Material provided:

--*--

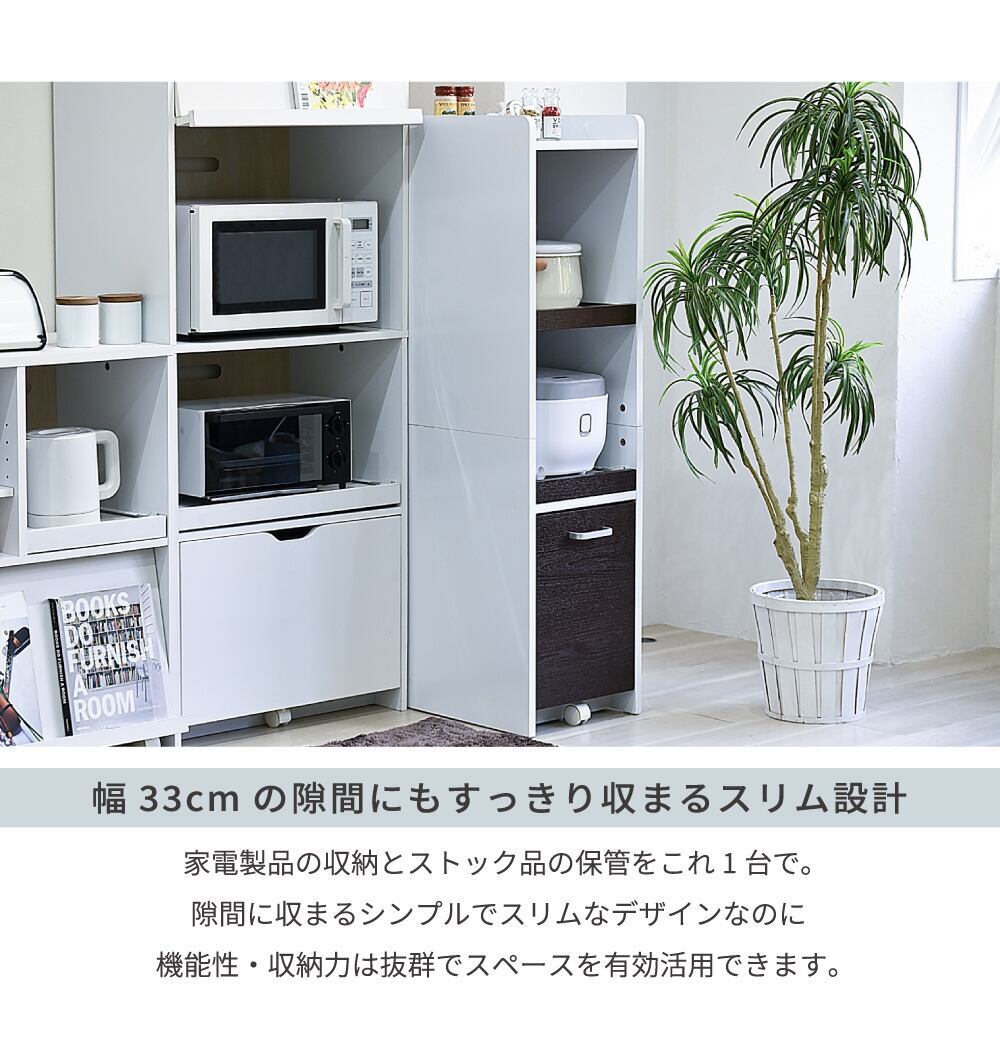 幅33cm、高さ120cmの省スペース設計で、狭い場所にもピッタリ収まります。スリムなフォルムとシンプルなデザインが、さまざまなキッチンスタイルに調和し、洗練された雰囲気を演出します。
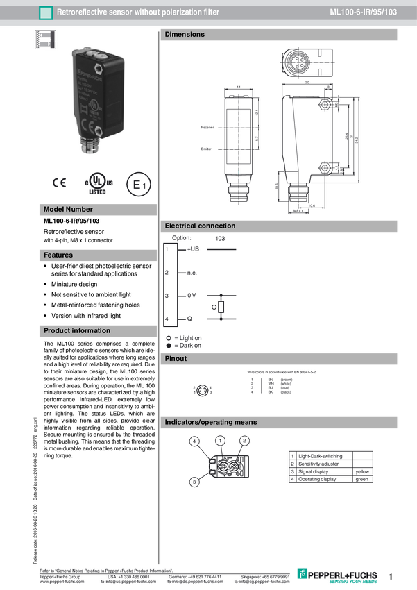 226772 Czujnik fotoelektryczny Pepperl+Fuchs ML100-6-IR/95/103 226772 1...
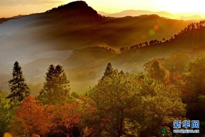 这是福建武夷山齐云峰晨曦(2019年11月17日摄)。新华社记者张国俊/摄
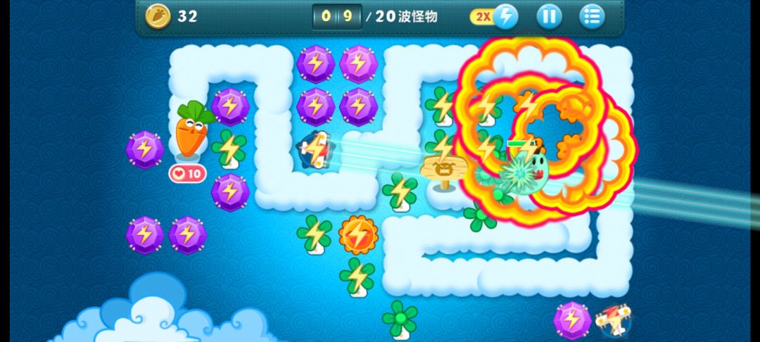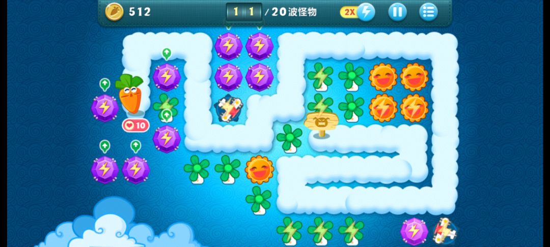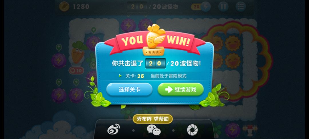 终极挑战28,无伤全过,道具全清。先出风车,把飞机打出来,然后飞机打中间的云,就可以把右下角的飞机也打出来,右下角飞机先满级,左上的飞机先打别的箱子慢慢打宝箱出钱。再种风车,要升满级,太阳也升级,宝石只用升左上和右下两个满级的就都能覆盖住
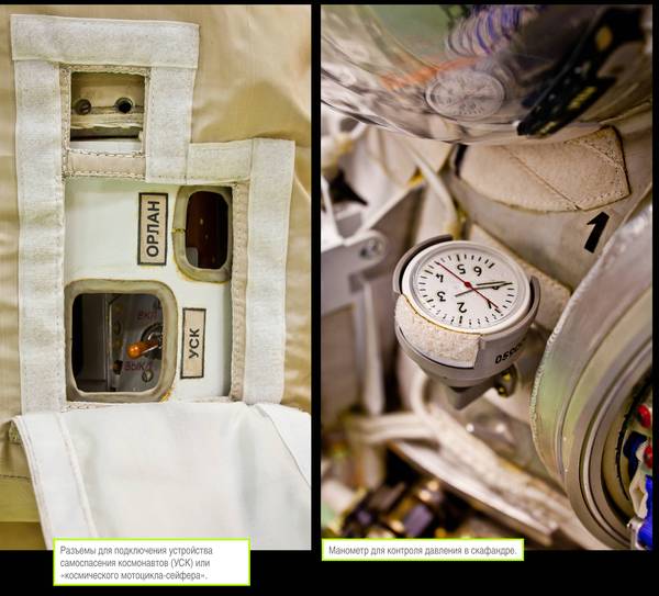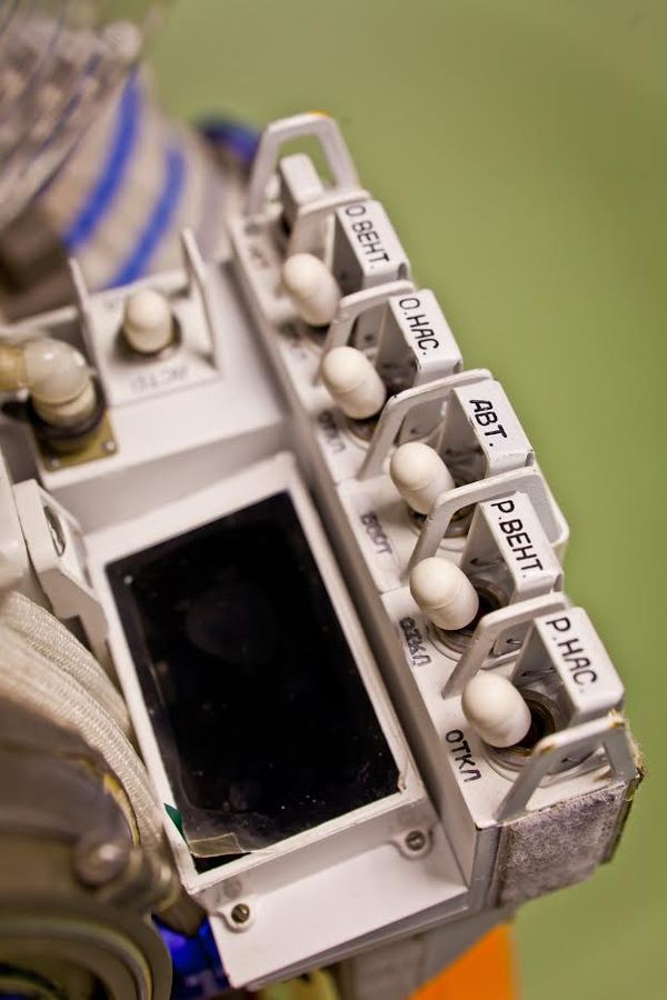 Тумблеры на пульте: слева – переключатель между основным и резервным баллонами с кислородом, справа – основной и резервный регуляторы давления в скафандре, в центре – кран регулирования температуры воды в костюме водяного охлаждения. На ручке имеется тумблер красного цвета, с помощью которого можно включить или отключить сублиматор (при выходе из шлюза в открытый космос, а также после возвращения на борт). Слева наверху – ручка инжектора и аварийной кислородной подачи. Если по какой-то причине в скафандре пропало электропитание, и электрический пульт перестал работать, то с помощь этой ручки космонавт может включить инжектор для продолжения вентиляции. Инжектор– специальное устройство, в которое при отсутствии электричества начинает поступать кислород из баллонов, при этом продолжает работать вся система вентиляции. Если в скафандре по какой-то причине начало снижаться давление и автоматический регулятор давления с утечкой не справляется, то с помощью этой же ручки космонавт может увеличить подачу кислорода в скафандр до 25 литров.
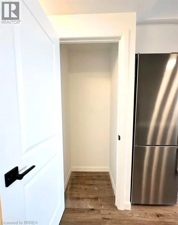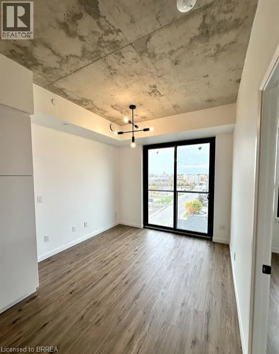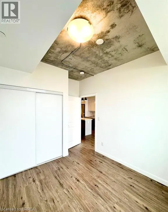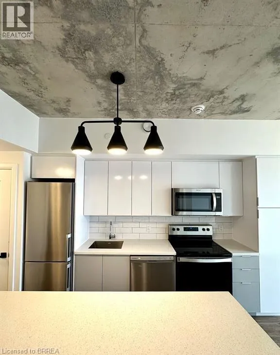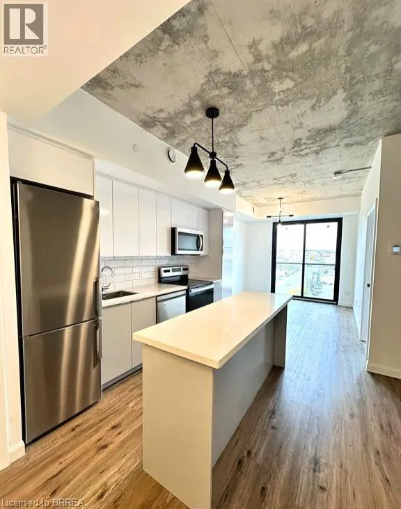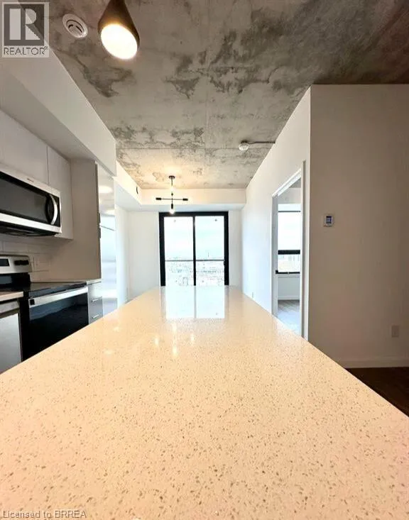 ERIE AVE AND MARKET ST SOUTH Penthouse Level Unit! Newly built 7 Erie Condo unit having 1 bedroom + den with luxury finishes. Large den can be used as a 2nd bedroom or office! 9' ceilings throughout, full bath with B/I vanity, in-suite laundry, large kitchen with quartz counter top and breakfast island, dedicated closet/pantry space, 1 covered parking and storage locker, modern finishes, upscale amenities and convenience. Located within walking distance to all amenities including grocery stores, restaurants, shopping, Laurier University, walking/biking trails along the Grand River, Earl Haig water park, TD Civic Centre for all the sports fans, and Freshco plaza with many amenities including Tim Hortons, Freshco, Beer Store, Boston Pizza And Many Others. Perfect Unit For Working Professionals Or Small Families! Available for December 1 2025. Rent is $1900 + Hydro. (id:27476)
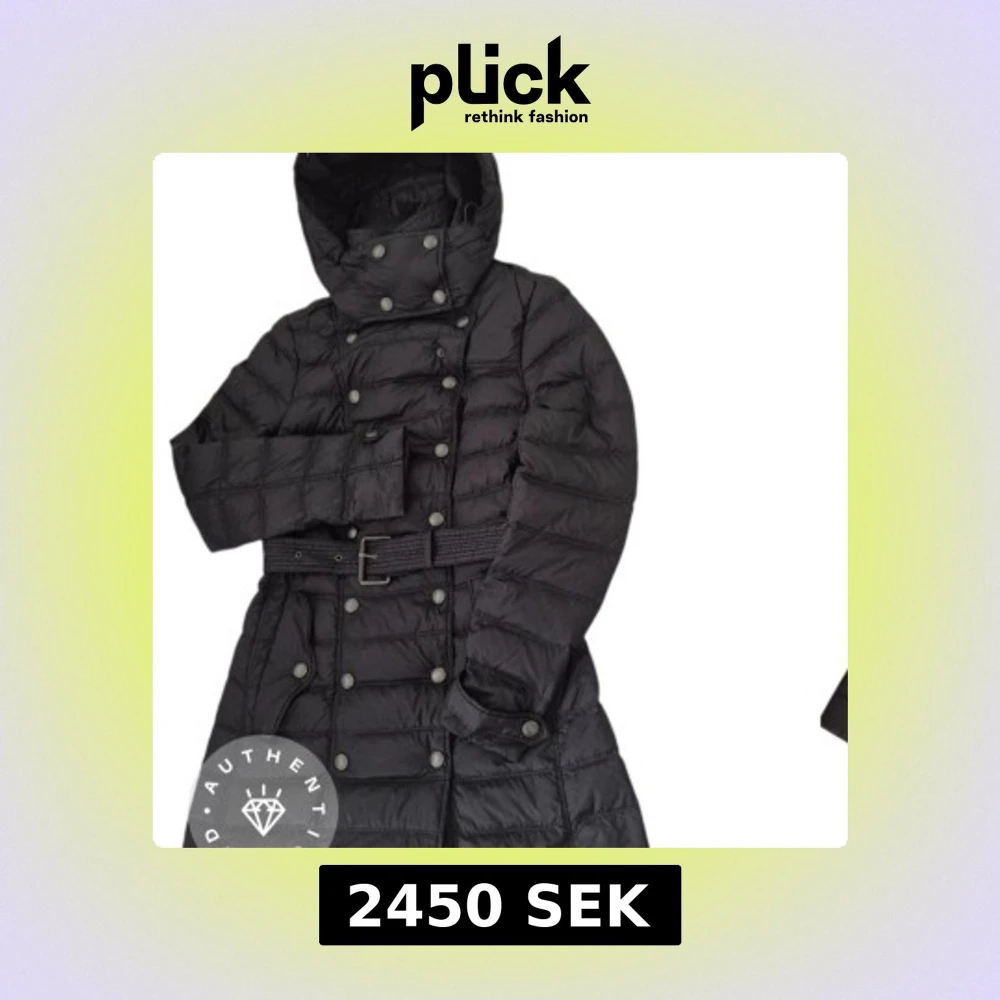 Snygg svart dunjacka från Burberry Brit med avtagbar huva, dubbelknäppning och bälte i midjan. Jackan har quiltad design, långa ärmar och klassiskt rutigt foder. Perfekt för kalla dagar när du vill vara både varm och stilren.
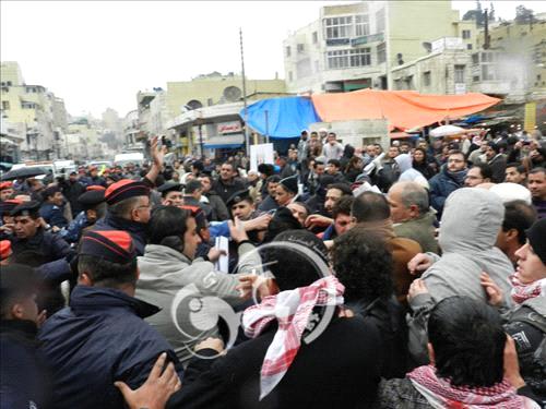 Dozens of pro-reform protestors withstood cold weather conditions and demonstrated following Friday midday prayers near Al Husseini Mosque in downtown Amman, chanting slogans against the government and calling for reforming the regime, alluding to the difficult economic conditions citizens face.
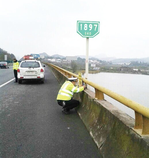據了解,二大隊三中隊的轄區從滬昆高速1889至1913公里。中隊長安弘疆說,以往轄區道路地面溫度一旦降至零下1度左右時,從橋面、坡頂、彎道風口等地點就開始出現凝凍。兩天前,省內出現大幅降溫,為了更好的掌握轄區道路的凝凍情況,二大隊三中隊特地在轄區1897公里轉彎風口處、1900公里橋面、1904公里橋面、1908公里坡頂、1911公里橋面、1909雙向坡段加橋面7個易凝凍點安置了7支溫度計,隨時監控實時路面溫度,一旦溫度降至零下,該中隊與路政、養護就會立即做好抗凝準備。
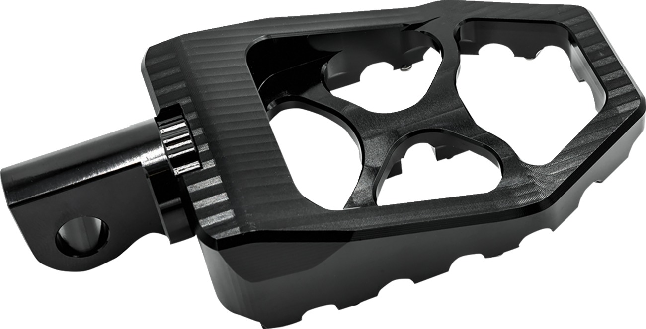 Crafted with precision CNC machining, the Burly Brand MX-Evolution Footpegs deliver a modern twist on the iconic 1970s motocross aesthetic. Designed for Harley-Davidson riders from 1997 to 2022, these footpegs offer a square profile and are etched with the Burly Brand logo for a bold look. Featuring an adjustable clevis system for customizable placement and set screws for superior grip, they ensure stability and control in any riding condition. Made from lightweight, high-grade aluminum alloy, these pegs are built for durability and performance.
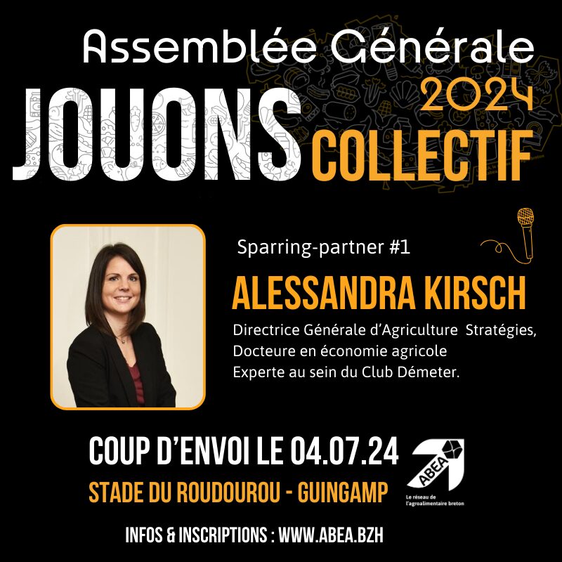 Cette année, nous avons le plaisir d’accueillir comme sparring-partner #1 : Alessandra Kirsch, Directrice Générale d’Agriculture Stratégies, Docteure en économie agricole et Experte au sein du Club Déméter. Elle partagera son expertise sur les impacts et transitions de notre modèle alimentaire, abordant les aspects économiques, environnementaux et géopolitiques.
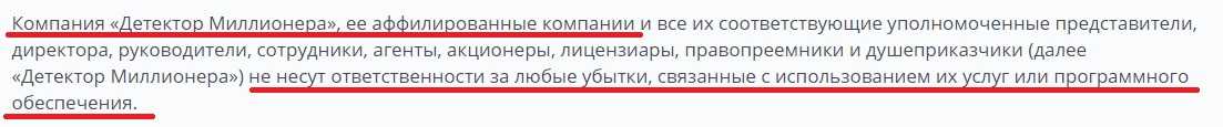 Хотя по сути вы думаете, что инвестируете деньги в чудо-программу «Детектор Миллионера» как написано на сайте.
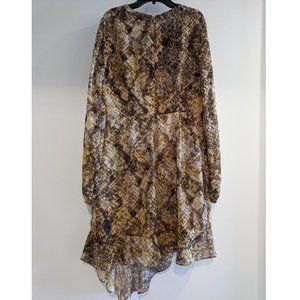 Guess snake print dress features asymmetrical faux wrap cut. Size10. Style: Dominica.
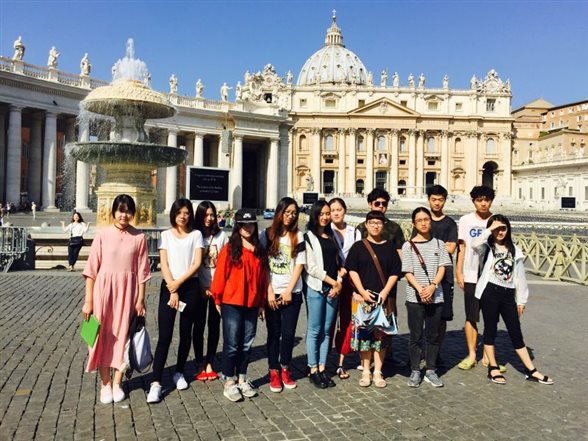 9月1日,这是写生实习小组在罗马进行参观活动的最后一天。大家来到了马老师夸赞不已的圣彼得大教堂。幸运的是在教堂前排队的人群还不算太多,没太久便进入到了这座人类艺术史上不得不提的宏伟建筑中。这座教堂比这次旅程中所见到的所有教堂都要精美宏大,它是包括米开朗基罗在内的许多文艺复兴时期的优秀建筑师共同创造的奇迹。往教堂内部走,右侧是著名的雕像《圣殇》,圣母抱着死去的耶稣,面容上流露出悲痛。这也是米开朗基罗唯一一座署名的雕像。殿堂中部是贝尔尼尼所建造的青铜华盖,据资料记载,华盖下方是祭坛和圣彼得之墓,只有教皇才可以在这座祭坛上,面对东升的旭日,为朝圣者举行弥撒。老师带着同学们走走停停,小声的为大家讲解这教堂中艺术品背后的历史。可惜的是教堂内仍有很大空间不对普通游客开放,所以同学们没能赏尽教堂全景。

--*--

Exercise details:
Leaving out the pictures, print each line of the records above from the first up to and including the one that contains "这是福建武夷山齐云峰晨曦(2019年11月17日摄)。新华社记者张国俊/摄", exactly as written.

Answer to this task:
 幅33cm、高さ120cmの省スペース設計で、狭い場所にもピッタリ収まります。スリムなフォルムとシンプルなデザインが、さまざまなキッチンスタイルに調和し、洗練された雰囲気を演出します。
 226772 Czujnik fotoelektryczny Pepperl+Fuchs ML100-6-IR/95/103 226772 1...
 这是福建武夷山齐云峰晨曦(2019年11月17日摄)。新华社记者张国俊/摄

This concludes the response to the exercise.